I’m trying again with a branded daily update of Web 2.0 news and
views. Not content with cornering the “Web 2.0” niche in blogs, I’m now making a play
for the term “2.0” 😉 Let me know what you think of the new format.
Backpack:
Web 2.0 Email?
Popular Web Design firm 37signals has announced a new email-to-web product. They’re
promoting it as a kind of Web 2.0 makeover to “the star of Web 1.0” – email. So what does
Backpack do? Apparently it will receive an email and “turn it into something useful on
the web” – in other words, it’ll transform an email into a functional web page.
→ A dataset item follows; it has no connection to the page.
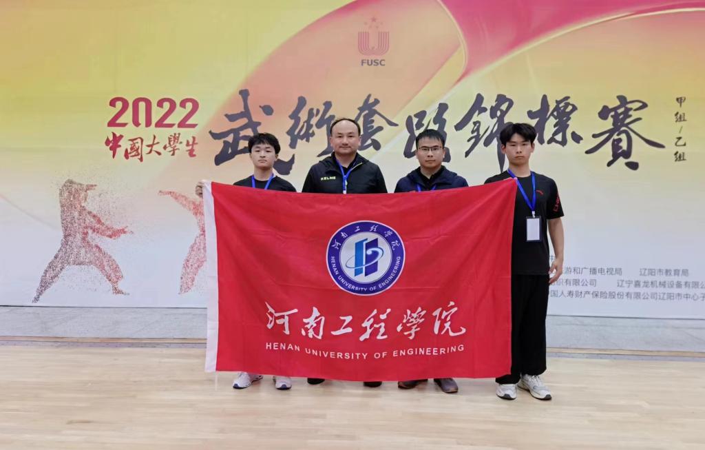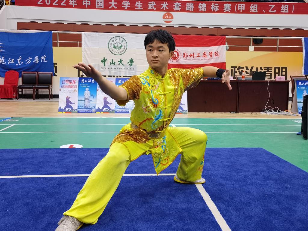 本次比赛由中国大学生体育协会主办,辽阳市人民政府承办,来自全国115所院校的952名运动员参加此次赛事。开云官网武术代表队在体育教学部周凯、朱轶龙老师的带领下,分别参与5个单项的比赛。经过激烈角逐,计算机学院2021级孙振杰同学获得男子甲组传统枪术冠军、男子甲组少林拳冠军、男子甲组八极拳第六名;环境与生物工程学院2021级申舒彤同学获得男子甲组陈式太极拳第八名。

I have to admit, this sounds really cool and something I can picture myself using.
Practically speaking, I already use Gmail as a ‘To
Do List’ and to keep track of projects I’m involved in. Gmail’s ability to label emails
and search them, together with a highly interactive interface and huge storage, has
turned out to be of immense use to me.
Hmmm. I’m not sure at this stage whether Backpack would be a competitor to Gmail, or a
complimentary product?
Peak inside Longhorn
PCMag.com has screenshots of Longhorn, Microsoft’s next-generation Windows (via waxy.org’s fabulous linkblog). Of most interest
to Web 2.0 fans will be how they’ve integrated the browser and search, the two core Web
interfaces.
The final screenshot shows Internet Explorer and to be honest the only real
difference I noticed was a search bar in the top-right – presumably the same search that
will be integrated into the core Longhorn OS. That’s potentially a threat to Google of
course (no surprises there).
Google
after Quality not Quantity
NewScientist reports that Google plans to “dramatically improve the results of
internet news searches, by ranking them according to quality rather than simply by their
date and relevance to search terms.” What worries me is that most of the values to be
measured are suspiciously quantity-based: e.g. number of stories, average
story length, number with bylines, number bureaux cited, how long they have been in
business, number of staff, volume of internet traffic.
Um hello – what about niche sites and bloggers?
Were those the golden years?
Geodog gets misty-eyed about pre-Web 2.0, before the hype and money.
It’s A Whole New (No
It’s Not) Internet
Counterpoint to the Adaptive Path
article. For me, the great thing about Web 2.0 is how many great ideas are
being executed. A financially healthy environment begets more of those ideas – don’t you
think?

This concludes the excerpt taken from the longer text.